Malaria vaccine: Administered through a mosquito bite
Scientists are developing an innovative malaria vaccine delivered through genetically modified mosquitoes that boosts immunity.

Malaria vaccine: Administered through a mosquito bite
Scientists have a new vaccination strategy against malaria developed that boosts immunity through bites from genetically modified mosquitoes. Immunization occurs via insects infected with modified versions of the parasite that causes malaria. One study reduced participants' susceptibility to malaria, potentially paving the way for more effective methods to combat the disease, which infects about 250 million people annually.
“These results represent a significant advance in the development of malaria vaccines,” says Julius Hafalla, an immunologist at the London School of Hygiene & Tropical Medicine. “The ongoing global malaria burden makes the development of more effective vaccines a critical priority.”
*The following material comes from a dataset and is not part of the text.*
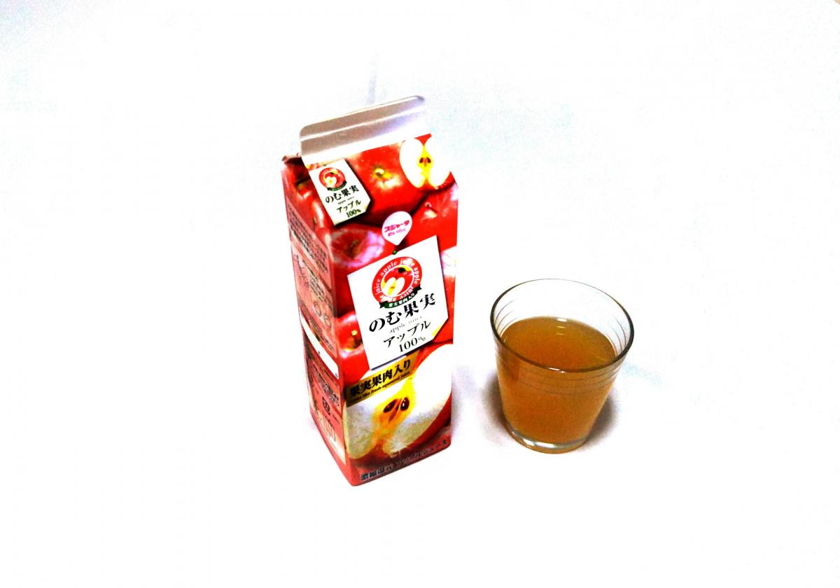 果肉入りのためか、見た目は少し濁った感じがします。味は本物のりんごに近く、自然な甘さのジュース。おいしいですが、ジュースの中では少し割高です。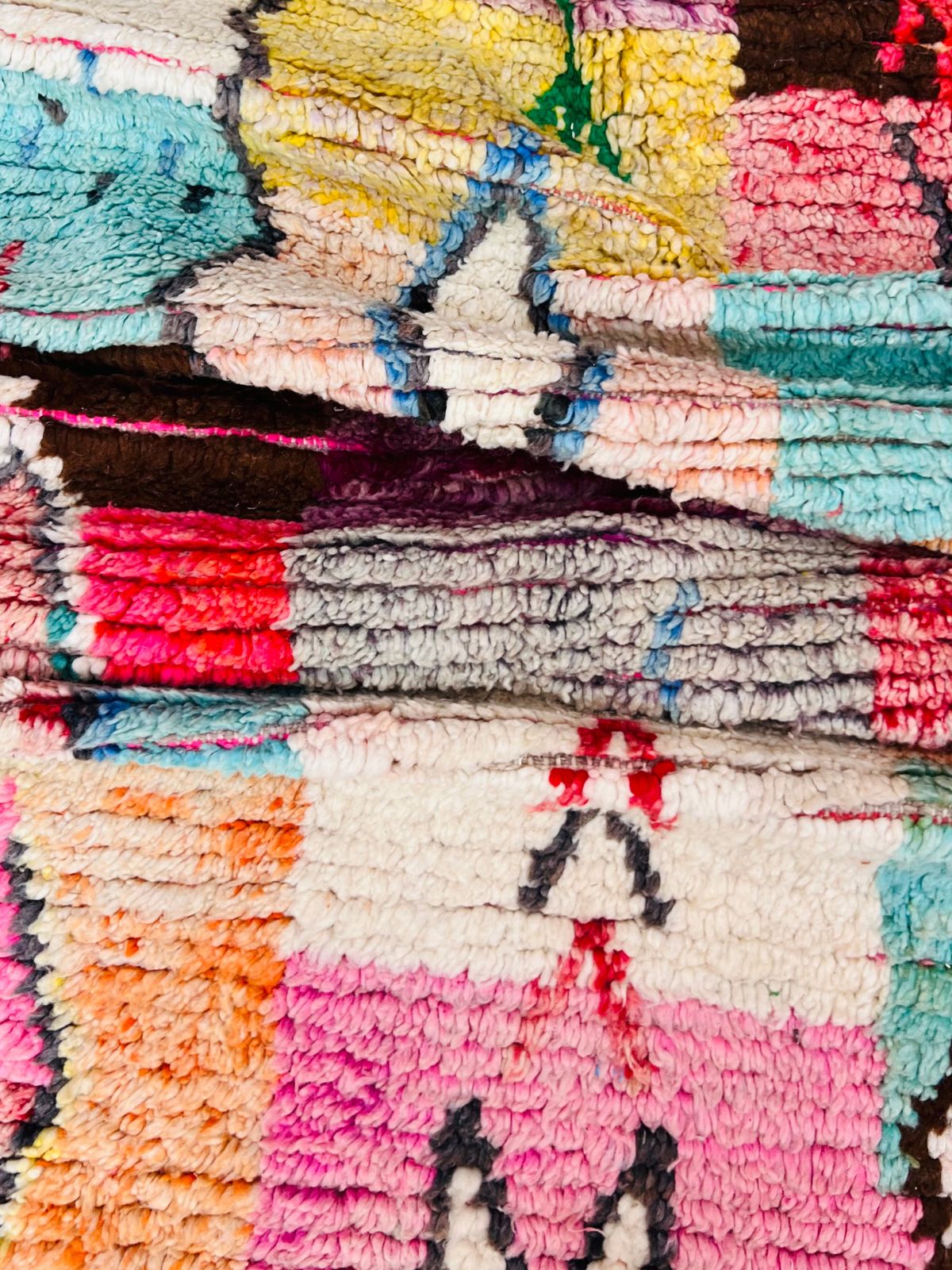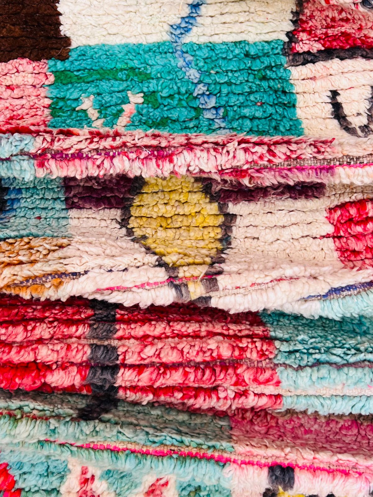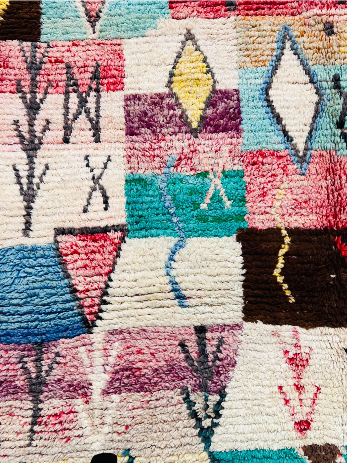 Authentique et vibrant, chaque tapis Boujaad est unique et raconte une histoire, mêlant symboles ancestraux, émotions intimes et créativité spontanée.

The study was conducted on November 20th New England Journal of Medicine published. Participants were exposed to bites from mosquitoes infected with a modified version of the Plasmodium falciparum parasite that causes malaria. In humans, the parasites travel to the liver, where they infect red blood cells. The parasites are designed to stop growing shortly after being introduced into the human body. Nearly 90% of participants exposed to the modified parasites did not become ill after being bitten by malaria mosquitoes.
There are two approved Malaria vaccines. Both aim to generate long-term immunity by producing antibodies that block malaria parasites from infecting liver cells, as well as targeting breakthrough infections.
However, these vaccines are only about 75% effective and require booster shots. Therefore, immunologists continue to search for alternative strategies.
One approach is to use genetically modified parasites. The research team had previously tested the effectiveness of a modified malaria parasite called GA1, which is designed to stop growing about 24 hours after infection in people 2. But the GA1 parasite only protected a few participants from malaria, leading the team to develop a second parasite, GA2. GA2 is designed to stop growing about six days after infection, the crucial phase when the parasites replicate in human liver cells.
The researchers tested whether exposure to GA1 or GA2 could help people develop immunity to malaria. Participants were exposed to 50 mosquitoes; 10 participants received bites from mosquitoes infected with GA1 parasites and 10 were bitten by mosquitoes with GA2 parasites. Three weeks later, participants were exposed to mosquitoes that transmit malaria. Shortly before exposure to these mosquitoes, both groups of participants had higher antibody levels than before. Only one in eight (13%) participants bitten by GA1 parasites did not develop malaria, compared to 89% in the GA2 group. Aside from the itching from the mosquito bites, the side effects were limited.
The researchers are now aiming to reproduce their results in a larger study.
The work “should be followed by more extensive studies to confirm the viability of GA2 as a candidate for global malaria control,” says Hafalla.